BTW, the basic root finder in newRPL was heavily inspired on your bisection experiments and improvements. Keep them coming!

MATLAN implements its fminsearch() optimization function using the Nelder-Mead method, so you are in good company.

Namir

Hi, Namir:

Nice article. Thanks.

How good is the optimization ?

Is benchmark data available ?

About Matlab Particle Swarm Optimization function, how much speed does it contributed ?

Is it proprietary code ?

(08-08-2018 12:06 PM)Albert Chan Wrote: [ -> ]Hi, Namir:

Nice article. Thanks.

How good is the optimization ?

Is benchmark data available ?

About Matlab Particle Swarm Optimization function, how much speed does it contributed ?

Is it proprietary code ?

Setting a benchmark for solving the roots of polynomial is a project all by itself. The issue here is correctness of solutions more so than speed.

At for the particleswarm() function in Matlab 2018a I am sure Matlab has it coded in a robust way.

None of my code I post is proprietary. Use it (and modified it) at your pleasure.

Namir

(08-09-2018 01:37 AM)Claudio L. Wrote: [ -> ]I came across this page in Wikipedia:

https://en.wikipedia.org/wiki/Test_funct...timization

It has a lot of functions to test optimization methods. Some are trickier than others. I thought it might be of interest to anyone trying optimization methods.

I used a good number of classical optimization algorithms with the Quasi Lin-Barstow algorithm to factor out quadratic equations from the targeted polynomial. Of course there is virtually an infinite number of polynomials to test. As the order of the polynomial increases so does the combination of polynomial coefficients. I came across several cases where where the optimization algorithms gave wrong answers!! The cases that I saw had the coefficients (as the power of each term) increase half way and then drop (something like x^10 + 2*x^9 -4*x^8+12*x^7+18*x^6-x^5+2*x^4-4*x^3-8*x^2+9*x+10 = 0).

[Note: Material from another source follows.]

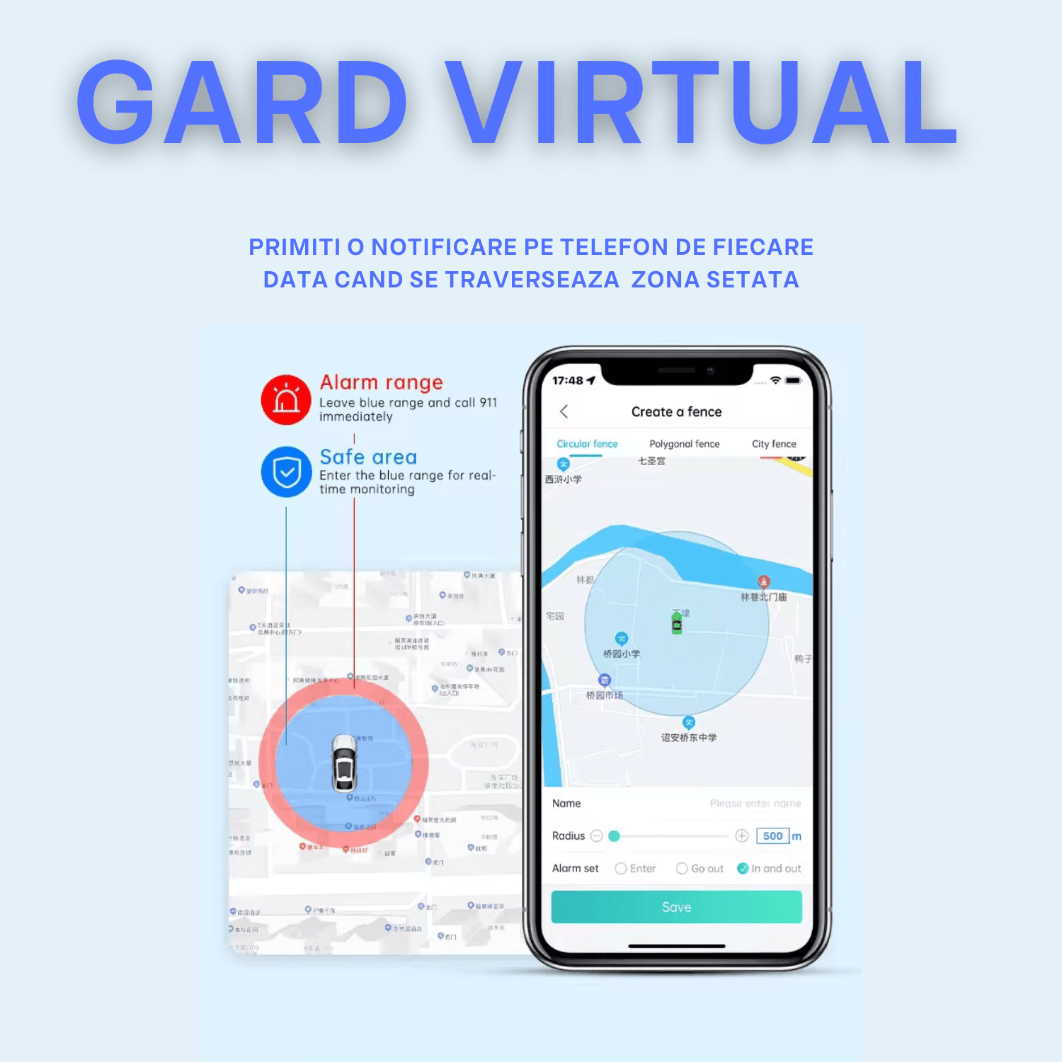 Avertizare Geo-fence: Seteaza un cerc de alarma in jurul locatiei curente a dispozitivului pentru a fi notificat imediat pe telefonul mobil atunci cand vehiculul tau intra in aceasta zona. Afla intotdeauna unde se afla vehiculul tau cu acest sistem inteligent anti-furt.

I am assuming there must be a polynomial property that determines how easy it is to solve for its roots. Such a property would be equivalent to the condition number of a matrix that determines how easy it is to solve a system of linear equations

Namir

From the linked slides "Condition Numbers of Numeric and Algebraic Problems":

Quote:Condition number of a root of a univariate polynomial

(…)

Toh and Trefethen (Gautschi): condition number of

root x^{∗} (relative perturbation to p, absolute

perturbation to x^{∗}) is . . . Exercise: FIGURE IT

OUT!

That's the spirit we like.

No worries. It's revealed on the next slide.

Cheers

Thomas

Thanks for the links!!

Namir

Anyone would are to try and write a program to calculate the condition number for polynomials???